Solution (click here)
There is four lines for each read:
- Header 1
- DNA sequence
- Header 2
- Quality values
zcat raw_reads/NA12878/NA12878_CBW_chr1_R1.fastq.gz | head -n4
zcat raw_reads/NA12878/NA12878_CBW_chr1_R2.fastq.gz | head -n4
2. What was special about the output and why was it like like? :::: {.callout title=“Solution (click here)”type=“gray” style=“subtle” icon=“true” collapsible=“true”}
It's the same header with a /1 or /2 towards the end. Meaning these are paired data.
::::
You could also count the reads.
zgrep -c "^@SN1114" raw_reads/NA12878/NA12878_CBW_chr1_R1.fastq.gz
We found 56512 reads.
3. Why shouldn’t you just do?
zgrep -c "^@" raw_reads/NA12878/NA12878_CBW_chr1_R1.fastq.gz
Solution (click here)
Because the ASCII quality character has @ as a valid value. If the quality line starts with this character you'll count it as a read.
By this method 82325 counts are found!
Quality
We can’t look at all the reads. Especially when working with whole genome 30x data. You could easilly have Billions of reads.
Tools like FastQC and BVATools readsqc can be used to plot many metrics from these data sets.
Let’s look at the data:
mkdir -p originalQC/NA12878/
java -Xmx1G -jar ${BVATOOLS_JAR} readsqc \
--read1 raw_reads/NA12878/NA12878_CBW_chr1_R1.fastq.gz \
--read2 raw_reads/NA12878/NA12878_CBW_chr1_R2.fastq.gz \
--threads 2 --regionName ACTL8 --output originalQC/NA12878/
Open the images
1. What stands out in the graphs?
Solution (click here)
Of the raw data we see that:
- Some reads have 3' ends.
All the generated graphics have their uses.
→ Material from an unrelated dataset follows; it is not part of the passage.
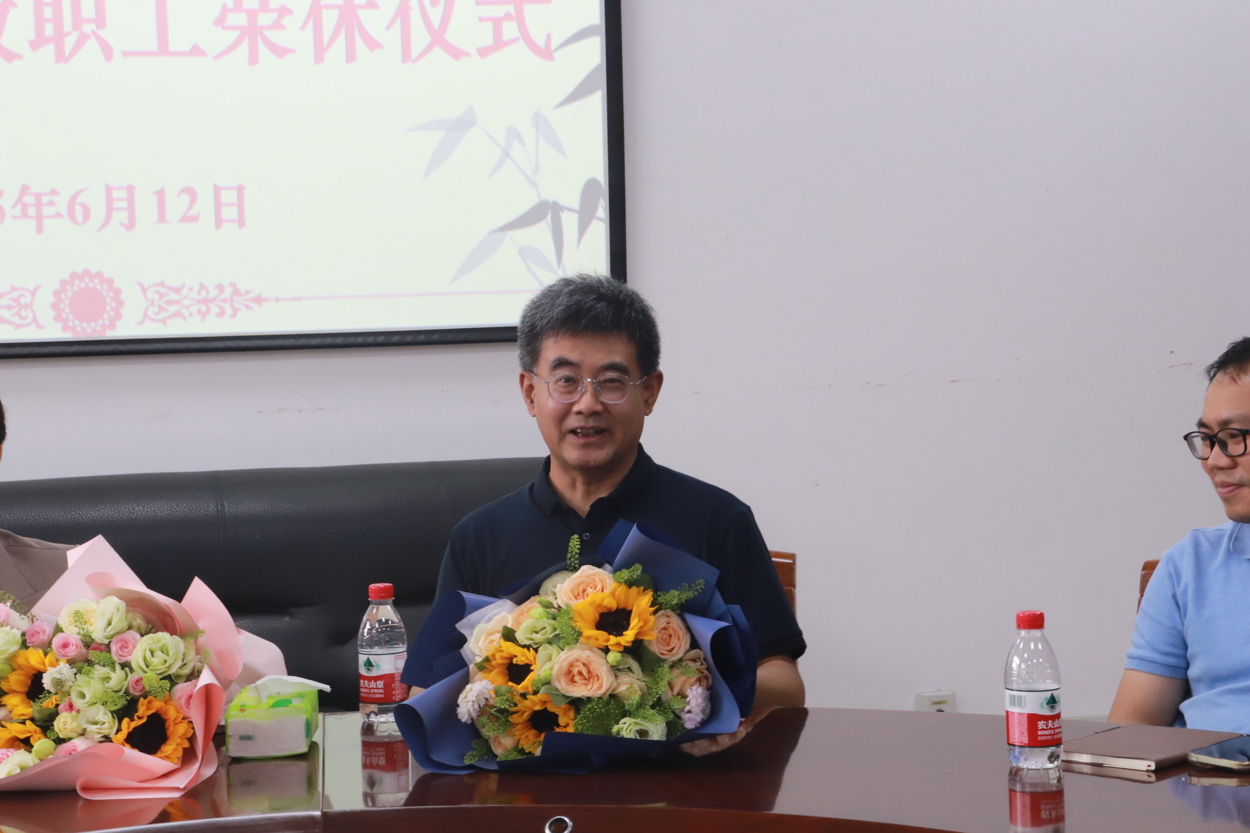 仪式上,平博·(pinnacle)中国官方网站院长罗俊和平博·(pinnacle)中国官方网站党委书记徐奇伟为胡亦琴老师、严北战老师颁发了荣休纪念品,并献上鲜花,与两位老师合影留念,定格这一珍贵瞬间。

This being said, 2 of them are particularly useful to get an overal picture of how good or bad a run went.
These are the Quality box plots

and the nucleotide content graphs.

The Box plot shows the quality distribution of your data. The Graph goes > 100 because both ends are appended one after the other.
The quality of a base is computated using the Phread quality score.

The formula outputs an integer that is encoded using an ASCII table.

The way the lookup is done is by taking the the phred score adding 33 and using this number as a lookup in the table. The Wikipedia entry for the FASTQ format has a summary of the varying values.
Older illumina runs were using phred+64 instead of phred+33 to encode their fastq files.
Trimming
After this careful analysis of the raw data we see that
- Some reads have bad 3’ ends.
- No read has adapter sequences in it.
Although nowadays this doesn’t happen often, it does still happen. In some cases, miRNA, it is expected to have adapters. Since they are not part of the genome of interest they should be removed if enough reads have them.
To be able to remove adapters and low qualtity bases, we will use Trimmomatic.
The adapter file is already in your reference folder.
We can look at the adapters
cat adapters.fa
1. Why are there 2 different ones?
Solution (click here)
Because both ends of the fragment don't have the same adapter.
Let’s try removing them and see what happens.
mkdir -p reads/NA12878/
java -Xmx2G -cp $TRIMMOMATIC_JAR org.usadellab.trimmomatic.TrimmomaticPE -threads 2 -phred33 \
raw_reads/NA12878/NA12878_CBW_chr1_R1.fastq.gz \
raw_reads/NA12878/NA12878_CBW_chr1_R2.fastq.gz \
reads/NA12878/NA12878_CBW_chr1_R1.t20l32.fastq.gz \
reads/NA12878/NA12878_CBW_chr1_S1.t20l32.fastq.gz \
reads/NA12878/NA12878_CBW_chr1_R2.t20l32.fastq.gz \
reads/NA12878/NA12878_CBW_chr1_S2.t20l32.fastq.gz \
ILLUMINACLIP:adapters.fa:2:30:15 TRAILING:20 MINLEN:32 \
2> reads/NA12878/NA12878.trim.out
cat reads/NA12878/NA12878.trim.out
2. What does Trimmomatic says it did?
Solution (click here)
Of the 56512 input pairs:
- 99.92% were kept
- 0.06% had only a valid read1
- 0.02% had only a valid read2
- None were fully discarded
Let’s look at the graphs now
mkdir -p postTrimQC/
java -Xmx1G -jar ${BVATOOLS_JAR} readsqc \
--read1 reads/NA12878/NA12878_CBW_chr1_R1.t20l32.fastq.gz \
--read2 reads/NA12878/NA12878_CBW_chr1_R2.t20l32.fastq.gz \
--threads 2 --regionName ACTL8 --output postTrimQC/
** 3. How does it look now?**
Solution (click here)
It looks better, but there is still some medium-low quality bases that remain.
** 4. Could we have done a better job?**
Solution (click here)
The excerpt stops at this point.